I would like to throw in a little social commentary to it. It seems apparent to me, after raising two kids (now in their mid to late 20's) and having two living with me now 17 and 16 that love (as defined by this generation) and broken hearts has changed hugely since I was that age. The 16 year old I have here has had more lovers in her short career than her Mother has had in her lifetime. This is not uncommon today, its pretty normal. If you sift through the FB pages of kids today you will see nonsense that we never dreamed of. Maybe its because we never had a public forum to share our deepest thoughts but somehow I doubt it. I dated plenty and I never had a girl telling me that without me she would kill herself, nor did she hear it from me. None of my friends heard it either. We took it day by day, month by month.

Today, they celebrate their "anniversary" every month, if not every week. Breaking up has become a public and ugly affair. The need for "stroking" by peers has increased 1000 fold. 

So I see in these songs and lyrics just a mirror of how it is today. The songs are targeted (as they were when we we young) at how the youth are feeling and their experiences. That's why the songs have gotten filthier as time has gone on and more sex has been injected into them. There is nothing that disturbs me more than a 15 year old acting and "trying" to talk like they are 30 and pretending that they understand the things that only time can teach you.
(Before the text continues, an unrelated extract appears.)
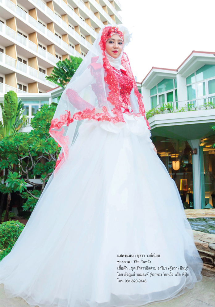 เสื้อผ้า : ชุดเจ้าสาวอิสลาม อารียา (คู้ขวา) มีนบุรี โทร. 081-820-9148

How many of us over 40 can say we went through the kind emotional train wrecks that these kids are going through today?

In my time this song would have sufficed after a breakup, and I am talking when I was 20 not 12, I was still popping zits in the mirror and getting into rock and roll

[video=youtube;u5fuizV-nes]http://www.youtube.com/watch?v=u5fuizV-nes[/video]


----------



## Shark (Jun 10, 2010)

Actually, I kinda like Adele, though I wouldn't buy her songs. But she has skill and heart and a humble attitude. Her lyrics are better than average, though average is pretty crappy; and they don't really grab me. But her voice is great, IMO. Not just the timbre and ability, but she really pours herself into her singing. She has a passion that you almost never hear anymore. You also have to remember that her first album was written and recorded while she was still a teenager. There's an obvious reason her lyrics are not super-mature. But compare her to other teen singers and I think she's miles ahead of most of them, regardless of genre.

Sadly for her, her throat is a problem and after having surgery on it recently her doctors told her to stop singing for maybe a year. I hope she does something better than drown her sorrows for the next few months.


----------



## Starbuck (Jun 15, 2007)

Mark P said:


> Actually, I kinda like Adele, though I wouldn't buy her songs. But she has skill and heart and a humble attitude. Her lyrics are better than average, though average is pretty crappy; and they don't really grab me. But her voice is great, IMO. Not just the timbre and ability, but she really pours herself into her singing. She has a passion that you almost never hear anymore. You also have to remember that her first album was written and recorded while she was still a teenager. There's an obvious reason her lyrics are not super-mature. But compare her to other teen singers and I think she's miles ahead of most of them, regardless of genre.
> 
> Sadly for her, her throat is a problem and after having surgery on it recently her doctors told her to stop singing for maybe a year. I hope she does something better than drown her sorrows for the next few months.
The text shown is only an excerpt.